You haven't run the existing tests yet. Adversarial review critiques design and spec-fit; it is not a substitute for running the suite.

The loop

The skill is a loop, not a single review. One pass anchors and misses; the value is in re-dispatching fresh reviewers on the shrinking set of problems.

1. Build the packet (deterministic, anchoring-free)

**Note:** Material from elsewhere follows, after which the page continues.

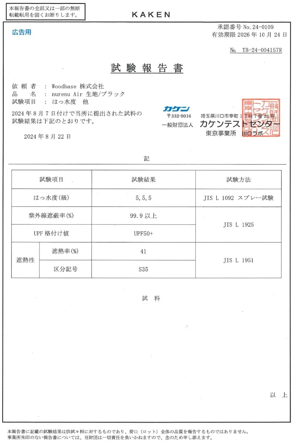下記が実際に第三者検査機関の(一財)カケンテストセンターにて発行されたのレポートです。

Run the script to assemble exactly what the reviewer is allowed to see — the diff plus the spec, and nothing from your own head:

scripts/prepare_review_packet.sh path/to/spec.md > /tmp/review_packet.md

The script refuses to run without a spec and refuses on an empty diff. Its output already contains the reviewer instructions; do not edit them to soften the ask.

2. Dispatch a fresh reviewer subagent

Ask it for findings as a severity-tagged list: blocker / major / minor / nitpick, each with file:line and the reason it violates the spec or is unsafe.

3. Triage and fix the real findings

Blocker / major: fix in the working tree now.
Minor: fix if cheap; otherwise note and decide.
Nitpick: usually ignore. A wave of only-nitpicks is your exit condition.
Wrong/hallucinated finding: the reviewer lacked context the diff couldn't show. Don't argue with the subagent — instead, make the diff self-explanatory (a comment, a clearer name) or add the missing fact to the spec, then move on.

Stay inside the diff. If the reviewer points at a pre-existing problem outside the change, log it as follow-up — do not let the review balloon the diff (see Gotchas).

4. Re-dispatch on the updated diff

5. Stop when findings degrade to nitpicks

Gotchas

Anchoring is the #1 failure. The instant you tell the reviewer your conclusion ("just sanity-check the error handling"), it confines itself to that and rubber-stamps the rest. Hand it ONLY the diff + spec via the packet. The script exists specifically so you can't leak your reasoning by accident.
A reviewer without the spec can only nitpick. Code alone tells you what the code does, not whether that's correct. Without acceptance criteria the reviewer has nothing to measure against and produces style noise. No spec → write one → then review.
Scope creep masquerading as thoroughness. A good reviewer will spot real problems in code your diff merely sits next to. Tempting to fix them "while I'm here" — but that balloons the diff, invites new bugs, and makes the next review pass harder. Keep fixes inside the diff; file the rest as follow-ups.
Knowing when to stop. Reviewers never run out of opinions. If you treat every nitpick as a must-fix you loop forever and start introducing churn-bugs. Degradation to nitpicks IS done. Two cosmetic-only rounds = stop.
Re-using the same subagent re-anchors it. It remembers its prior verdict and defends it. Always dispatch a new fresh subagent each round.
Don't argue with a hallucinated finding — fix the diff's legibility. If the reviewer flags something that's actually handled but invisible in the diff, the diff is under-communicating. Add the clarifying comment or spec line rather than rebutting; the next reviewer would have tripped on the same thing.

Files

SKILL.md — this file; the review loop and its stop condition.
scripts/prepare_review_packet.sh — emits the anchoring-free reviewer packet (diff + spec only). Run before every dispatch; refuses on missing spec or empty diff.